» What to work on:
Reproduce exactly the span of lines beginning at the one with "Finally, the /storage/.config/autostart.sh" and ending at the last line of the data below, omitting pictures.

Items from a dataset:
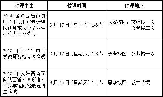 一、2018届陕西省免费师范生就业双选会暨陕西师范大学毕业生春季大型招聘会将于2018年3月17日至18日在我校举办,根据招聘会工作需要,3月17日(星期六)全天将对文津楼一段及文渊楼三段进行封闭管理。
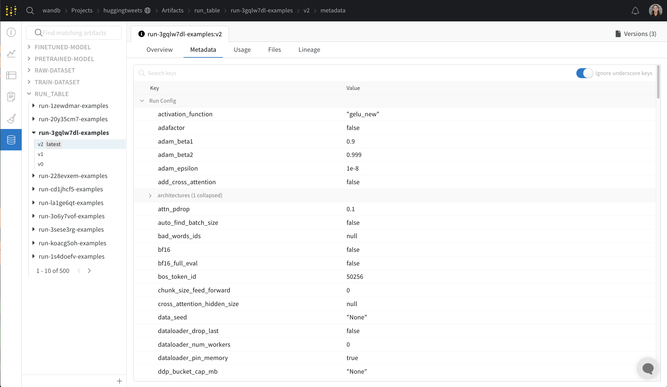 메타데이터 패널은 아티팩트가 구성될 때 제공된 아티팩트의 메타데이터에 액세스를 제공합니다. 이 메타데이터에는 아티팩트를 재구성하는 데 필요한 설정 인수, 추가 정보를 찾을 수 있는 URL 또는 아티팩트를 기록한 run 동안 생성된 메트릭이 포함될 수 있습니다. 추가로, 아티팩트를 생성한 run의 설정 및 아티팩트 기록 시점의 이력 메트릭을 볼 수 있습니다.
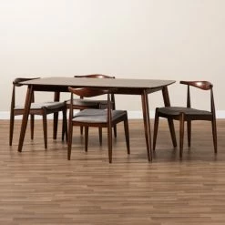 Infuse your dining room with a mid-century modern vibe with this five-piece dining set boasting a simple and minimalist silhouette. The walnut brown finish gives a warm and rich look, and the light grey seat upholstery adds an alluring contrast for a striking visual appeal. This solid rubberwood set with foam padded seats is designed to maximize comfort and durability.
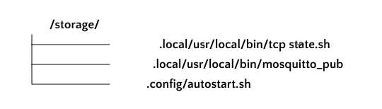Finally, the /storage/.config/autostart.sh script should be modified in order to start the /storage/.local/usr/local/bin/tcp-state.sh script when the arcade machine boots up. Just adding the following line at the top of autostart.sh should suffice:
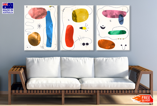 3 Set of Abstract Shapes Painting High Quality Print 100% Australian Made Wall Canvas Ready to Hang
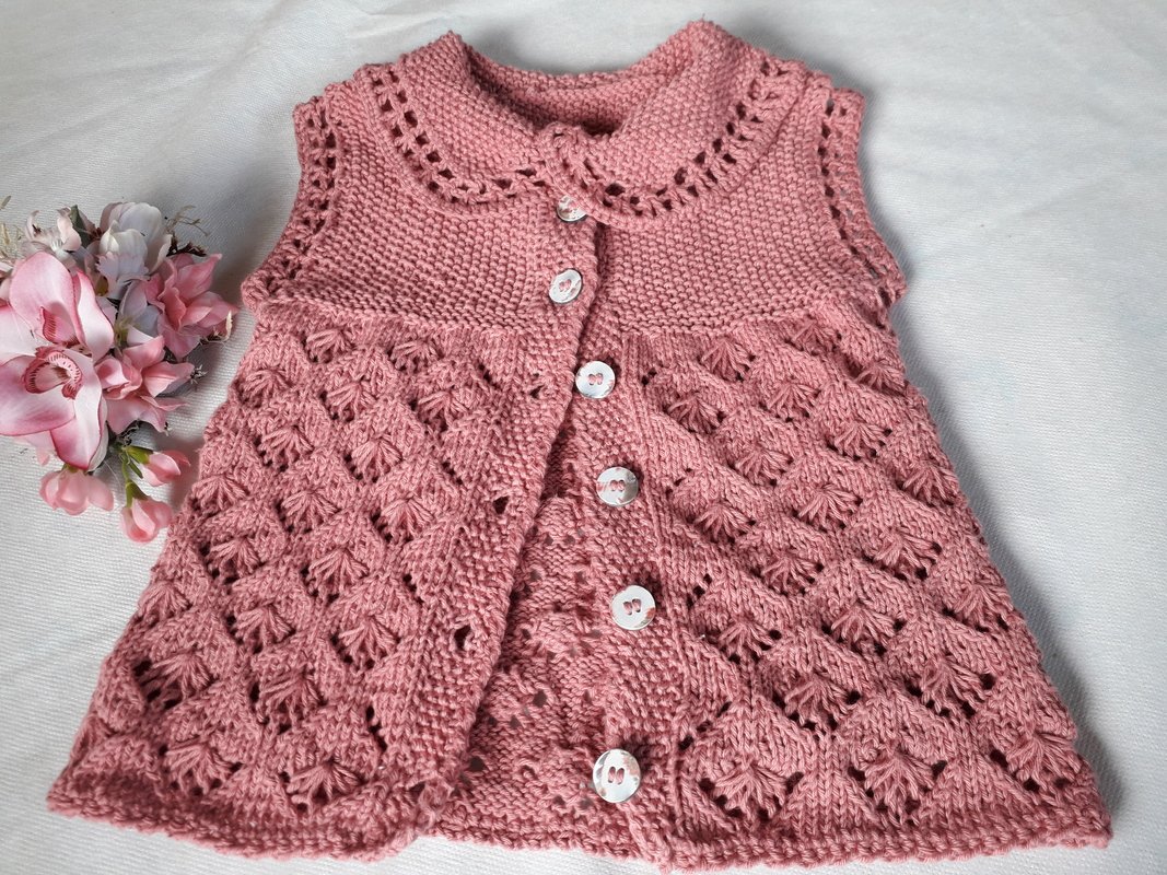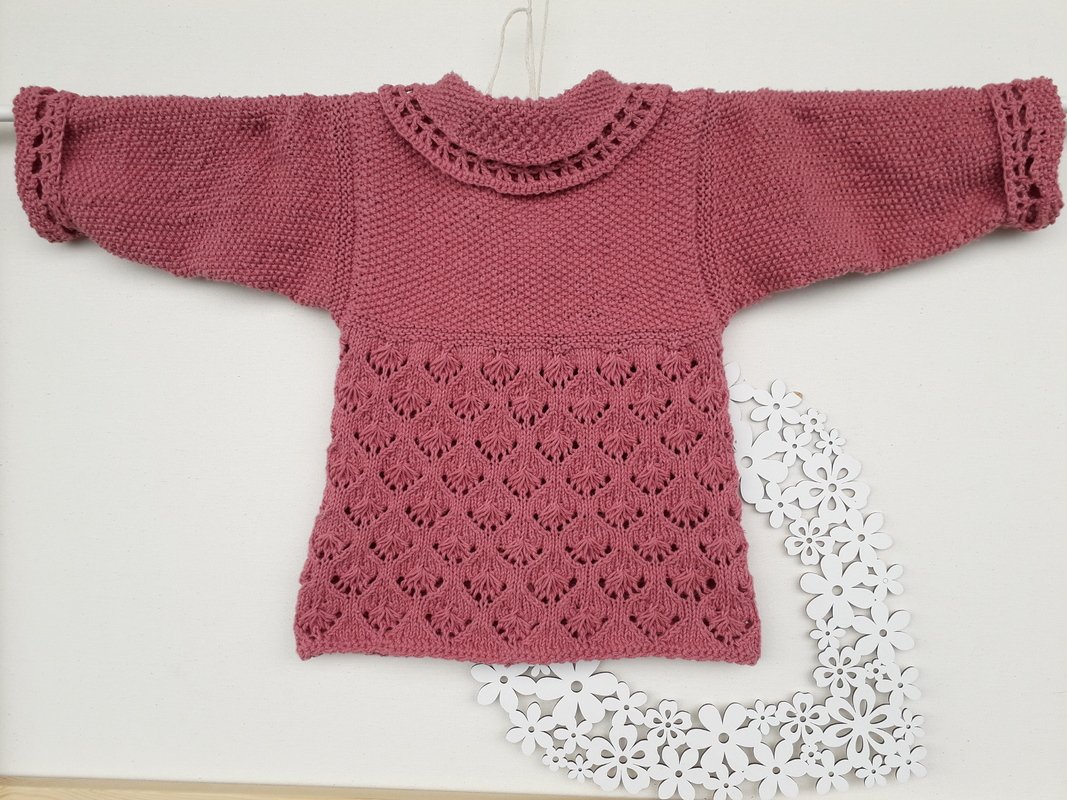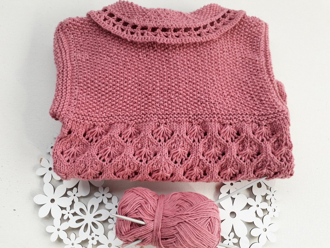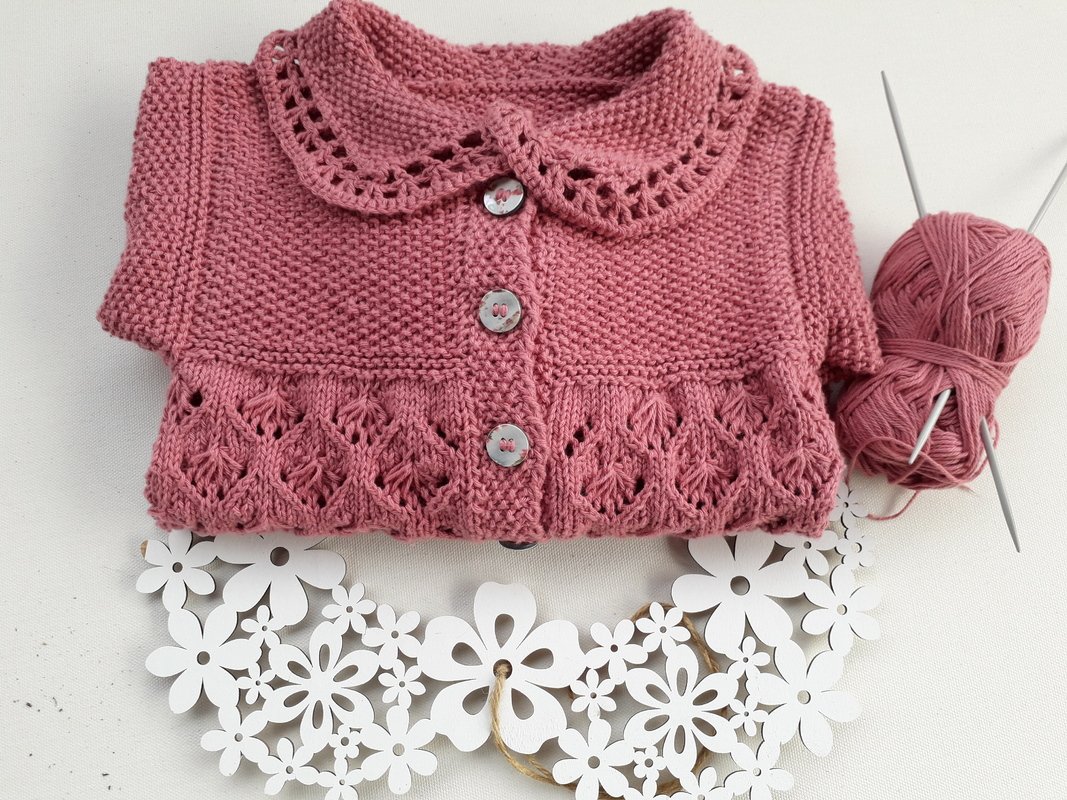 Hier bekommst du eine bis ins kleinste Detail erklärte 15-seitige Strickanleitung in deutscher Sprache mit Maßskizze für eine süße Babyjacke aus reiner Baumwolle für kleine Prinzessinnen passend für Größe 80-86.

» Answer:
Finally, the /storage/.config/autostart.sh script should be modified in order to start the /storage/.local/usr/local/bin/tcp-state.sh script when the arcade machine boots up. Just adding the following line at the top of autostart.sh should suffice:
 3 Set of Abstract Shapes Painting High Quality Print 100% Australian Made Wall Canvas Ready to Hang
 Hier bekommst du eine bis ins kleinste Detail erklärte 15-seitige Strickanleitung in deutscher Sprache mit Maßskizze für eine süße Babyjacke aus reiner Baumwolle für kleine Prinzessinnen passend für Größe 80-86.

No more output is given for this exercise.